--- TASK DATA Enclosed Below ---
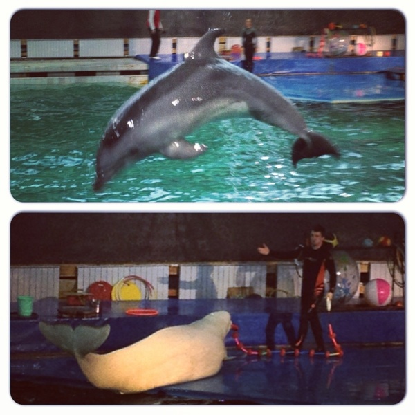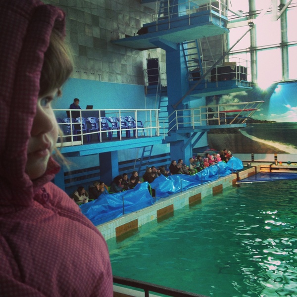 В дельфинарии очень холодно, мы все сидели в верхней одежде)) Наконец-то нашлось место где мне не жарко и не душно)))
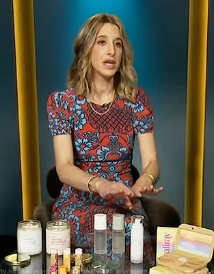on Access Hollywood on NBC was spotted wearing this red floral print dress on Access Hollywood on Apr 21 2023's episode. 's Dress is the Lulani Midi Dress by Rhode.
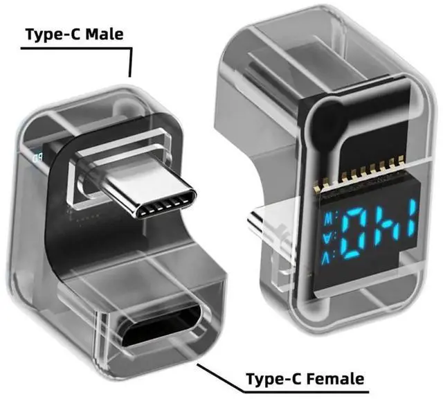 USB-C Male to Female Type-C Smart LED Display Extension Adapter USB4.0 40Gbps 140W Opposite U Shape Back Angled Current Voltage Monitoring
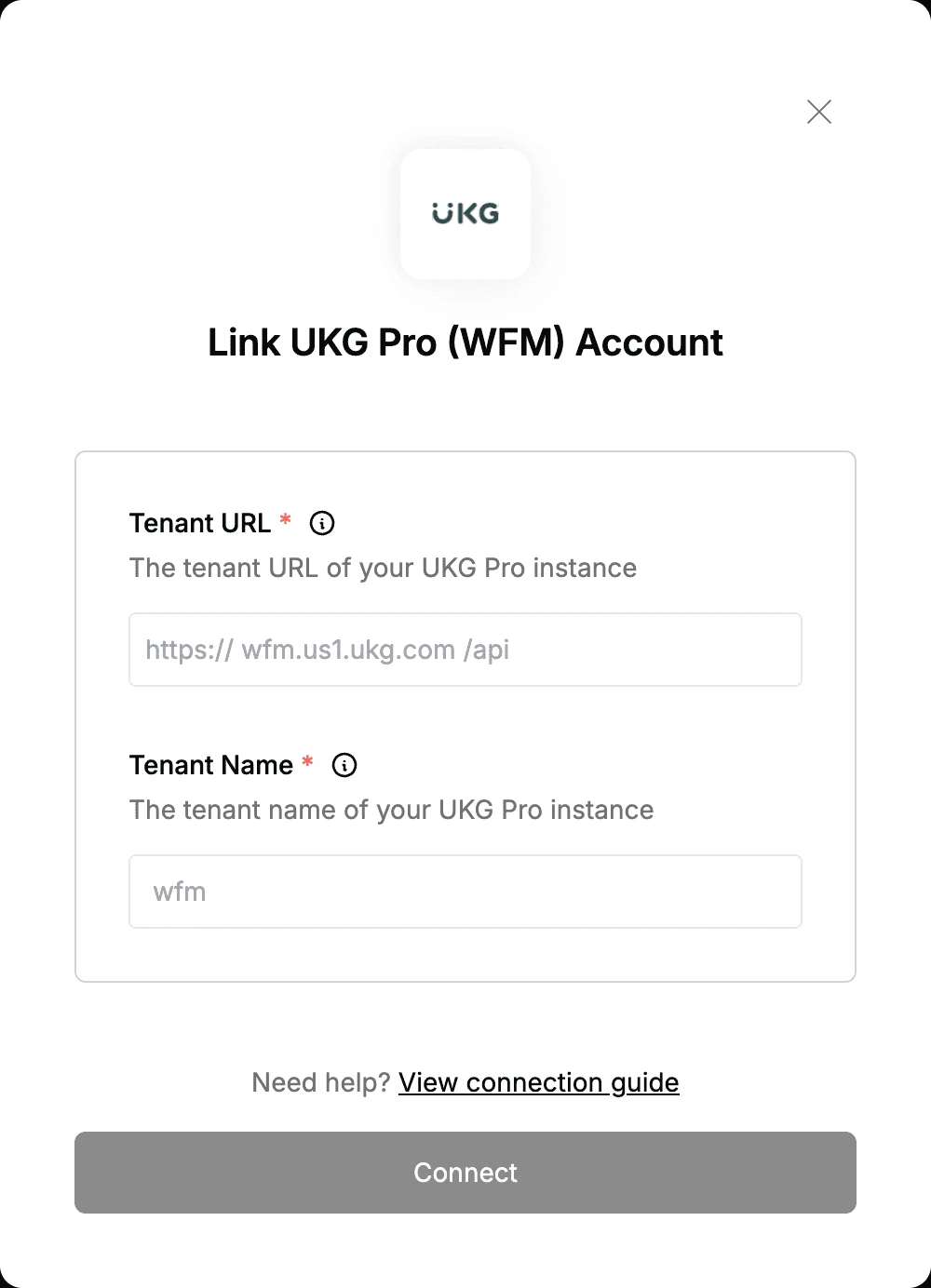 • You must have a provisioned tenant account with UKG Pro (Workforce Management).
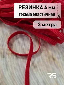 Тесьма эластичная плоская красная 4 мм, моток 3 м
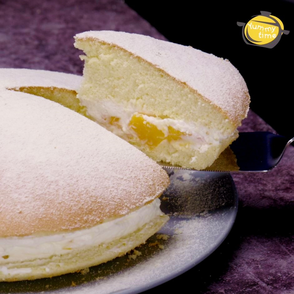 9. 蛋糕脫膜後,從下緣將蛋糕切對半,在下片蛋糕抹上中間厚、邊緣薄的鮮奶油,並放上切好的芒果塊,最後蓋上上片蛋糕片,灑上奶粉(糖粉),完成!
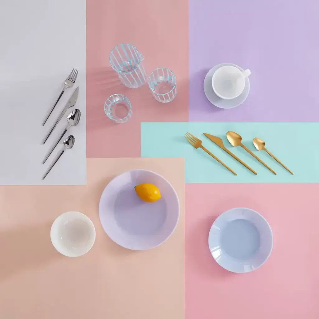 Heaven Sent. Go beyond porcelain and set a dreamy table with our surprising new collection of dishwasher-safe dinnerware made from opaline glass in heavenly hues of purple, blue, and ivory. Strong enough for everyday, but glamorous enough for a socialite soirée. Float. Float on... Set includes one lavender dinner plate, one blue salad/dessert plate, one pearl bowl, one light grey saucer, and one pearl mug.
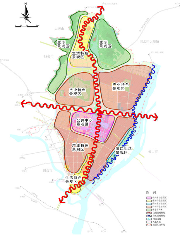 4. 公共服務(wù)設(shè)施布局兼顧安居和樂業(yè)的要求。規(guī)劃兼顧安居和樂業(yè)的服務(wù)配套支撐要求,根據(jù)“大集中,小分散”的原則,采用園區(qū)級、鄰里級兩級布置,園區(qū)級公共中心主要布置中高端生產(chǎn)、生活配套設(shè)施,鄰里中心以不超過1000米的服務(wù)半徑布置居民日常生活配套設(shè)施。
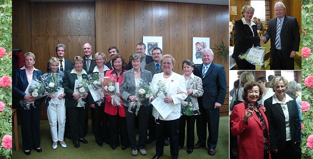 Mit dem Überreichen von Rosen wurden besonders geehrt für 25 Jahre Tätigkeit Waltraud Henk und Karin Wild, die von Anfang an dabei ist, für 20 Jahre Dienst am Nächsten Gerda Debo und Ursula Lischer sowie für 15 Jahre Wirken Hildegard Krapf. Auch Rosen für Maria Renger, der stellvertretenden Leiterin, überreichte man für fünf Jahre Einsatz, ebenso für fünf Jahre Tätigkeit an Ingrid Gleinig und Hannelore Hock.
--- End of Enclosed TASK DATA ---
◆ **ASSIGNMENT**
Restate the lines above from the one containing "Тесьма эластичная плоская" through the one containing "9. 蛋糕脫膜後,從下緣將蛋", inclusive, exactly and without pictures.

◆ **RESPONSE**
 Тесьма эластичная плоская красная 4 мм, моток 3 м
 9. 蛋糕脫膜後,從下緣將蛋糕切對半,在下片蛋糕抹上中間厚、邊緣薄的鮮奶油,並放上切好的芒果塊,最後蓋上上片蛋糕片,灑上奶粉(糖粉),完成!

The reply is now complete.